Il fisico inglese Julian Barbour ha sostenuto che il tempo non esiste e gli eventi sono come cartoline appese a un filo da stendere, tutte contemporaneamente presenti… «Sì, ha variato di poco l’immagine che Popper usava con Einstein di fotogrammi avvolti in una bobina. Ma nessuno di loro sa spiegare la macchina da presa o il movimento dello sguardo che passa da una cartolina all’altra. Per farlo occorre una logica (che qui sarebbe troppo complicato esporre) di cui la scienza non può disporre. In generale, la scienza crede che la mente sia una cosa particolare tra le cose. Qui entra in gioco la teoria dell’esperienza che gli scienziati tendono a trascurare. L’esperienza è la mente trascendentale, essa non entra o esce da un campo visivo ma è il luogo in cui tutto entra ed esce. Per capire che cosa sia la sbobinatura dei fotogrammi o lo sguardo che scorre sulle cartoline bisogna introdurre il concetto di coscienza trascendentale che era stato in qualche modo intravisto dall’idealismo, il luogo cioè all’interno del quale sopraggiungono gli eterni. Il cosiddetto divenire del mondo non può essere il cominciare a essere e il cessare di essere ma è il comparire e lo scomparire degli eterni in quella coscienza trascendentale. Stiamo andando un po’ nel difficile...».

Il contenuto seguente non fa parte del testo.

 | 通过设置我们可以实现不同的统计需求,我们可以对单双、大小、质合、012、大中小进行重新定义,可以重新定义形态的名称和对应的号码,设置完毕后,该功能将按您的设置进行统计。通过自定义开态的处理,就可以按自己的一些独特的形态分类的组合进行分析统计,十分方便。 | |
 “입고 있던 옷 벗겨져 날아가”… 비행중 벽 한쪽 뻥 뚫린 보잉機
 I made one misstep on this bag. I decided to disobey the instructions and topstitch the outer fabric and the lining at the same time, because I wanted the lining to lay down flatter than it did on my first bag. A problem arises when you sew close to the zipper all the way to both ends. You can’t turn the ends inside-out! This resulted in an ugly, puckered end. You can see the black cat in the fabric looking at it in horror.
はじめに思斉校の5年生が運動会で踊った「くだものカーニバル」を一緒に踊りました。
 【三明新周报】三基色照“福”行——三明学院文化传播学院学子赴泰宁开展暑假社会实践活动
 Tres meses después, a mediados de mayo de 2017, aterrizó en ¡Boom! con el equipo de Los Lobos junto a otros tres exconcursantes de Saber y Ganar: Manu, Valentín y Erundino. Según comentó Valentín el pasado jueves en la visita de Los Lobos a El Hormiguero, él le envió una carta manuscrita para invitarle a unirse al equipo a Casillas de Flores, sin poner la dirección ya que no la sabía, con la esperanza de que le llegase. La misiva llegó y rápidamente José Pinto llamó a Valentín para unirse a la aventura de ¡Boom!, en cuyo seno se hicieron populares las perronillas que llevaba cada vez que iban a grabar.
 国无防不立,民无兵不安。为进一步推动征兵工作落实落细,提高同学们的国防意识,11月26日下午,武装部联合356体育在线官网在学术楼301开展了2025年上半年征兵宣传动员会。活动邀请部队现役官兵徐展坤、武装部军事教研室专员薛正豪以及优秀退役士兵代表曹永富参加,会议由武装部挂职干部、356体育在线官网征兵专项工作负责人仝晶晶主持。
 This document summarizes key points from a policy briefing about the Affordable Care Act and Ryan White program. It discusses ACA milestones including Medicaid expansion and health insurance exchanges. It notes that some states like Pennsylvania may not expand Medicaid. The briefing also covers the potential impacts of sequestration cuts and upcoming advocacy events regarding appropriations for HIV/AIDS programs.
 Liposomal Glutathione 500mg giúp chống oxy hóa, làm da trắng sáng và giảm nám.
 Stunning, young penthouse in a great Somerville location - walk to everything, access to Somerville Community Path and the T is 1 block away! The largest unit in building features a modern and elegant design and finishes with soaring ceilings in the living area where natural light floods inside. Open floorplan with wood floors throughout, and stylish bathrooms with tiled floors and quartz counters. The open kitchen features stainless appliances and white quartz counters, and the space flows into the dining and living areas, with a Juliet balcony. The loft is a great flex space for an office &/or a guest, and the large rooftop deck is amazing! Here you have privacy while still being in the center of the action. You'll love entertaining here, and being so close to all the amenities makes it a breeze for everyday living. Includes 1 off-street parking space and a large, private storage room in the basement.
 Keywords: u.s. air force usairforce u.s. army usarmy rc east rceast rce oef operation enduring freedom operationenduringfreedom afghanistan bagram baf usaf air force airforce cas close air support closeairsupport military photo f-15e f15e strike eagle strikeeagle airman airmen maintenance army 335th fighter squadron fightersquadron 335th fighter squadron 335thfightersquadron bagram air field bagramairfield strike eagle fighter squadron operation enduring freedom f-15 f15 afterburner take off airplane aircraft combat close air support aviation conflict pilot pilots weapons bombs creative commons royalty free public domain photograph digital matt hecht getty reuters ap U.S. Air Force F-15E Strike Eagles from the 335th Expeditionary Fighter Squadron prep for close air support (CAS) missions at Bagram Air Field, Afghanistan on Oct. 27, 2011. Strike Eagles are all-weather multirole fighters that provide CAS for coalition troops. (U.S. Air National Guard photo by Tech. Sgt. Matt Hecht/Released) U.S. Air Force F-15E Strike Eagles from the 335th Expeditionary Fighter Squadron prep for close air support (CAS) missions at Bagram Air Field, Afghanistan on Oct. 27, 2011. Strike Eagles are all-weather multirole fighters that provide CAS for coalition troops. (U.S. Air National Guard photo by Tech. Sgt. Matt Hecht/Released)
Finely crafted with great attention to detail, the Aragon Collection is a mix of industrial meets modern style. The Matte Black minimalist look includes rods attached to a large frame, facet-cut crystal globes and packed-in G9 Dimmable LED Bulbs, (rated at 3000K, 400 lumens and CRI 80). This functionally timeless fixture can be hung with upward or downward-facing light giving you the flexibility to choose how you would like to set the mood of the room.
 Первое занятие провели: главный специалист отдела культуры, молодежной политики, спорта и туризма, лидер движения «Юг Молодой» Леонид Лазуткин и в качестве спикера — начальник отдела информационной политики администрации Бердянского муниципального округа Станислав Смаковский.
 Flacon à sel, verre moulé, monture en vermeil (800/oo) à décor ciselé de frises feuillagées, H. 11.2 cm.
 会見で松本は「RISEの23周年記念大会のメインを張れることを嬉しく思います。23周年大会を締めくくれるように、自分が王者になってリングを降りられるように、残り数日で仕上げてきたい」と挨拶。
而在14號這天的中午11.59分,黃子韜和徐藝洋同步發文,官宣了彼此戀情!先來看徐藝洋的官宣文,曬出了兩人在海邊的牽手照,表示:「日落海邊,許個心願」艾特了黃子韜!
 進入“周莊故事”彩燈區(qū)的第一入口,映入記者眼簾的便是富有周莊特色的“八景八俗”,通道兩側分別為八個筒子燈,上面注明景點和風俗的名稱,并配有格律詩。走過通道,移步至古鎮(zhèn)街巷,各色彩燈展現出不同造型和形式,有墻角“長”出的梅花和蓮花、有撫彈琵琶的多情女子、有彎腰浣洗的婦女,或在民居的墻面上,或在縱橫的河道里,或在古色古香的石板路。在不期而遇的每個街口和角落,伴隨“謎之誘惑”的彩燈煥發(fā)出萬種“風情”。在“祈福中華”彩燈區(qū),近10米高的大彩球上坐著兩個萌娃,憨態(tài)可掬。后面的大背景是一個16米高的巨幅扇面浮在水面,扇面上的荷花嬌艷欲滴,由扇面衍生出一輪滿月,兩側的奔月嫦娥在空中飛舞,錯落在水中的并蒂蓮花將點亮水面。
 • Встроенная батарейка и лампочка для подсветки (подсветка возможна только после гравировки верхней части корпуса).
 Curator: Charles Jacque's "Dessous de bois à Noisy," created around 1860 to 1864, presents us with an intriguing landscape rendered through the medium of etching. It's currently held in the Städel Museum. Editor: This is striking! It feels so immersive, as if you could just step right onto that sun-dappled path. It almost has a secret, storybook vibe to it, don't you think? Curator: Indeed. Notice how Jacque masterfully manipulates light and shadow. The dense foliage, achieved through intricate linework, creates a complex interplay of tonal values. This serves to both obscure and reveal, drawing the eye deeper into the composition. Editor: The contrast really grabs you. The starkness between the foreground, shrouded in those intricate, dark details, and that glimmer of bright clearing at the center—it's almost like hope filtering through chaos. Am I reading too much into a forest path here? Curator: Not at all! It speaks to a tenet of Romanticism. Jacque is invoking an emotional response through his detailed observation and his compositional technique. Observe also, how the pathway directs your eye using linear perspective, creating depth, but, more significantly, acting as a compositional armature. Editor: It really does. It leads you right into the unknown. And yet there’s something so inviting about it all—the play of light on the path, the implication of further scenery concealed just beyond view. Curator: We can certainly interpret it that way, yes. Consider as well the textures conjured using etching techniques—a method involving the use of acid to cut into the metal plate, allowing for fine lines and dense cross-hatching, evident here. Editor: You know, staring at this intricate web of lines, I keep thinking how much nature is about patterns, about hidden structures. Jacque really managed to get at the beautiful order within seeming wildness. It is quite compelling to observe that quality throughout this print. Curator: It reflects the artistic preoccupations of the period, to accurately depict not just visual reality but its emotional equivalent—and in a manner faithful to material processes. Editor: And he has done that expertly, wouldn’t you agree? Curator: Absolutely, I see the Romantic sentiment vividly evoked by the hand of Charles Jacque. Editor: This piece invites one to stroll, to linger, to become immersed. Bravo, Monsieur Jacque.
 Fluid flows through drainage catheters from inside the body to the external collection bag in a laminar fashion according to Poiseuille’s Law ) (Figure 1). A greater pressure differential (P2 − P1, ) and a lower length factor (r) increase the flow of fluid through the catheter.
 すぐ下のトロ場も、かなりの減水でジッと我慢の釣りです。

Per Severino a connotare il mondo contemporaneo è la tecnica, una concezione che nasce dal concetto greco di divenire come passaggio dal non essere all’essere e dall’essere al non essere. «Da questa visione nasce la volontà di controllare le cose nel loro apparire dal nulla e tornare nel nulla, la volontà vuol fare diventare altro le cose. Quando il serpente dice ad Adamo «Eritis sicut dii» (Sarete come dei) cosa vuol dire? Significa vi trasformerete e diventerete altro da ciò che siete. Far diventare altro nel pensiero greco vuol dire tirar fuori dal nulla e questo è il compito della volontà. La volontà, il suo voler controllare il mondo, è originariamente tecnica. La tecnica è il modo più radicale in cui la metafisica greca si presenta oggi. Così l’unica verità è il travolgimento di tutte le verità. Per ancora molto tempo la tecnica sarà protagonista nel mondo, ma questo i politici non vogliono capirlo».